Individual-Level Barriers

Knowledge and awareness about genetic testing tends to be low in the general population, particularly among Black, Latino/a/x, Asian, and Native American communities.3,4 Many barriers to genetics care are shared among historically marginalized racial/ethnic communities (Figure 1).3-5 Barriers can be amplified for those receiving care at federally qualified health care centers (FQHCs). A study comparing cancer genetics referrals in a tertiary care center and a FQHC serving predominantly Black and Latino/a/x patients showed that even when family history is asked, FQHC patients have higher rates of incomplete family history information, which can impact referral, risk assessment, and genetic testing criteria.6 Among Latino/a/x communities, additional barriers include concerns regarding immigration status, utilization of results for deportation, and limited English proficiency impeding patient-provider communication.7 Black, Latino/a/x, and Native American communities also report medical mistrust and concerns with confidentiality and use of testing results.3-5,7

Provider-Level Barriers

There is an increasing incidence of early onset colorectal cancer (CRC), with up to 20% of patients who have PGVs in a cancer-susceptibility gene.8,9 Although CRC and early onset CRC incidence is highest among Black populations, referral rates for genetics evaluation are lower among Black (16.9%) and Latino/a/x (10.9%) CRC patients compared with White (21.2%) patients.10 Among individuals with early onset CRC, genetic counseling referral rates also are lower among Black patients (50.0%) compared with White (54.1%) or Latino/a/x (65.9%) patients.11 Black and Latino/a/x patients who desire testing report a lack of provider discussion regarding genetics, a finding most pronounced in Spanish-speaking Latino/a/x patients.12 Large laboratory cohorts have shown that less than 20% of patients undergoing genetic testing are Black, Latino/a/x, Asian, or Native American.13,14 In one study, White patients were more likely referred for genetic testing because of a family history of cancer compared with Black, Latino/a/x, and Asian patients, who were more likely referred based on a personal cancer history, and Black and Latino/a/x patients had more advanced disease when genetic testing was completed.15 Overall, these findings suggest that referral patterns may limit the ability of marginalized racial/ethnic populations to benefit from cancer prevention and detection strategies.

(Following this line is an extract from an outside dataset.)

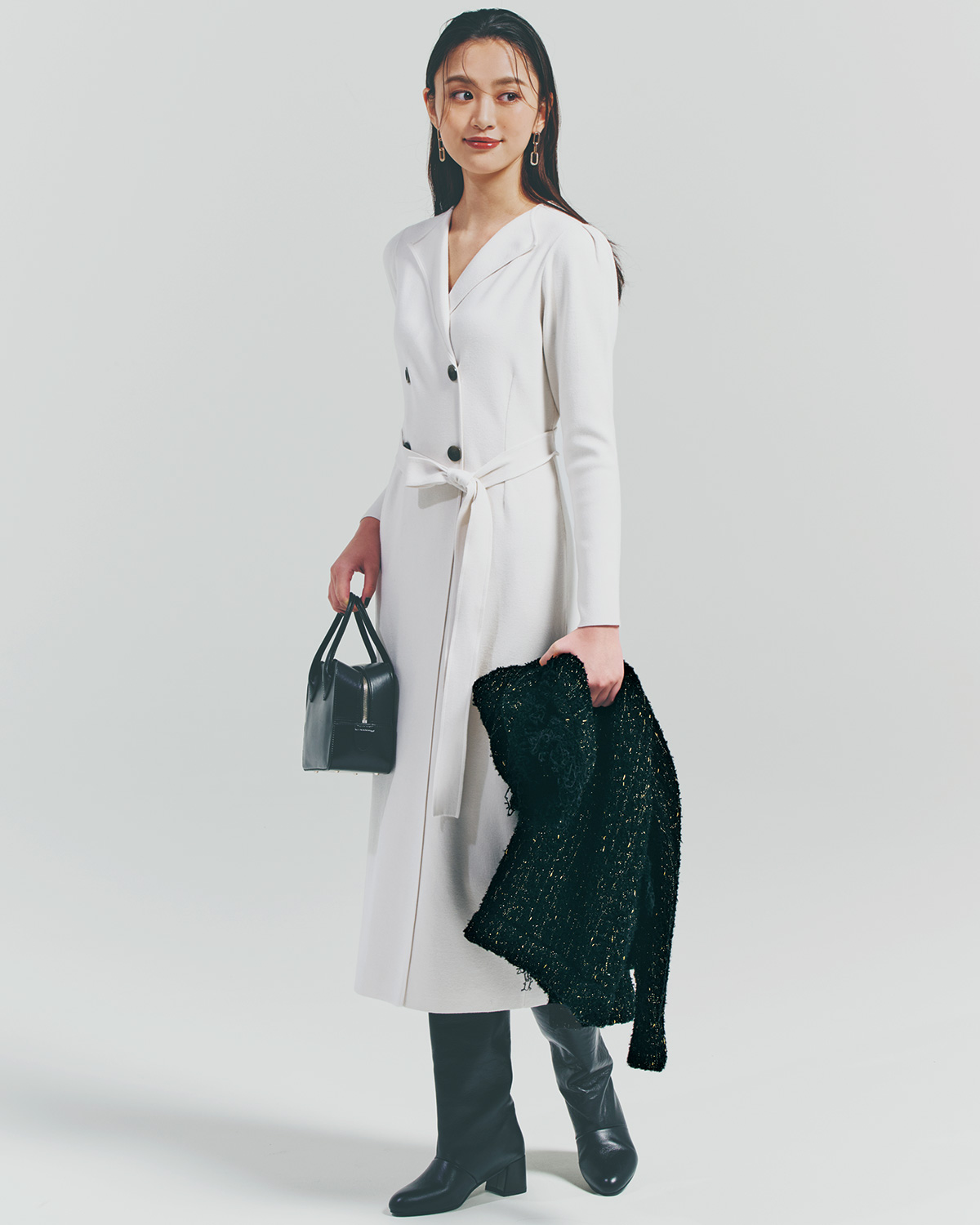 クリーンな印象をもたらしてくれる白ワンピは、冬の装いを品よく仕上げたい日に頼れる存在。トレンチ風の端正なデザインなら、かしこまりたいシーンでも気負わず着られ、会食や出張の場にもぴったりです。黒のバッグやブーツを合わせ、白のやわらかさを残しつつピリッと辛口に引き締めて。

Primary care providers are uniquely positioned to refer patients to genetic services. However, primary care providers report barriers including lack of genetic knowledge, limited access to specialty providers, and insufficient time for discussion.16 Additional barriers may include implicit bias, a lack of systems to ensure referral of at-risk patients, and poor patient-provider communication. Latino/a/x individuals note that speaking Spanish and being unfamiliar with medical terminology may influence provider referral patterns, owing to an assumption of poor health literacy.17

System-Level Barriers

Although indications for testing have broadened and cost has been reduced significantly with next-generation sequencing and expansion of commercial genetic testing laboratories, the perception of many providers and patients that germline sequencing is cost-prohibitive and not covered by insurance may hinder referral.3,4,11,16 In addition, although the patient portion of the cost of testing can be less than $300.00, this cost and/or payer reimbursement variability still may be a barrier.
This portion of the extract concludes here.